Tiers of safety at the Biolab

by jeeg 10. November 2011 21:50

Ominously referred to as "The Needle", the 192,000 square-foot National Emerging Infectious Disease Laboratory (NEIDL) on the Boston University Medical Center (BUMC) campus stands inactive and empty, as it has since its completion in 2008. Research there cannot commence until a protracted risk assessment process satisfies regulators and the courts.

In the meantime, B.U. recently asked the state for a waiver that would allow some lower-level research to begin at the lab while the approval process for riskier research grinds on.

The lower-risk research, which falls under the biosafety level 2 (BSL-2) section, already takes place in many labs across the state, while the type of research largely responsible for holding up the lab’s approval, BSL-4, involves highly contagious and lethal viruses with no known vaccines or therapies.

On Tuesday evening, BU representatives met with members of the Blackstone/Franklin Square Neighborhood Association (BFSNA) to discuss the waiver request and address questions surrounding safety at the lab.

David Flynn, BUMC Associate Vice-President for Facilities Management, reviewed a three-tiered approach to safety at NEIDL.

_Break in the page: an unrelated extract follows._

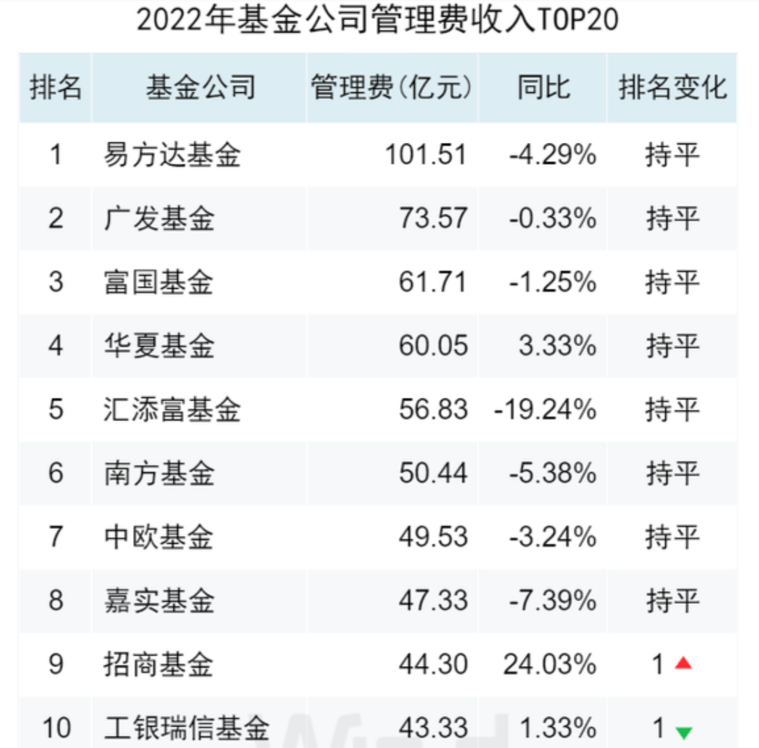 2022年公募基金亏损1.47万亿元,但是头部前十名的基金管理费均在几十亿,其中易方达基金公司的管理费排在第一,为102亿元。前十大基金公司的管理费在2022年合计达到了588亿元,而2022年公募基金行业的管理费为1458.26亿元,头部十家就拿下了40%。

Complex mechanical systems for air pressure, air filtration, electric power, water, and thermal supply comprise the first tier. Flynn described the constant monitoring and management of these systems. "We have an enormously sophisticated building management/building automation system...there are an infinite number of points that we are monitoring at all times," he said. Stressing the importance of redundancy in the building’s systems, Flynn described the lab’s massive rooftop generators, capable of powering the entire facility for up to 54 hours without refueling, and the multiple sources for municipal water and steam heat that serve the lab.

A second tier of safety control is at the administrative level; Flynn described protocols, based on international "best practices", that are in place for staff, both facilities workers and researchers. "There are a number of people in the NEIDL who spend a whole lot of their time making sure that these protocols are well documented, that they are accessible, and that they’re not done in a vacuum: that they’re actually shared amongst all the people that are in the building." Training in these protocols and standard procedures, Flynn said, is an essential part of the lab’s operation.

Thirdly, personal protective equipment -- specialized suits, masks, and other gear, comprises the front line of safety for researchers and other workers in high-risk areas of the lab.

What concerns people living nearby, however, is the chance that despite all of these precautions, somehow something could still go terribly wrong.

Neighborhood resident Fritz Klaetke pressed BU Senior Vice-President of Operations Gary Nicksa on NEIDL’s densely urban location, saying that he hoped those assessing the potential for an incident involving BSL-4 research at the lab "have experienced at five o’clock rush hour around here."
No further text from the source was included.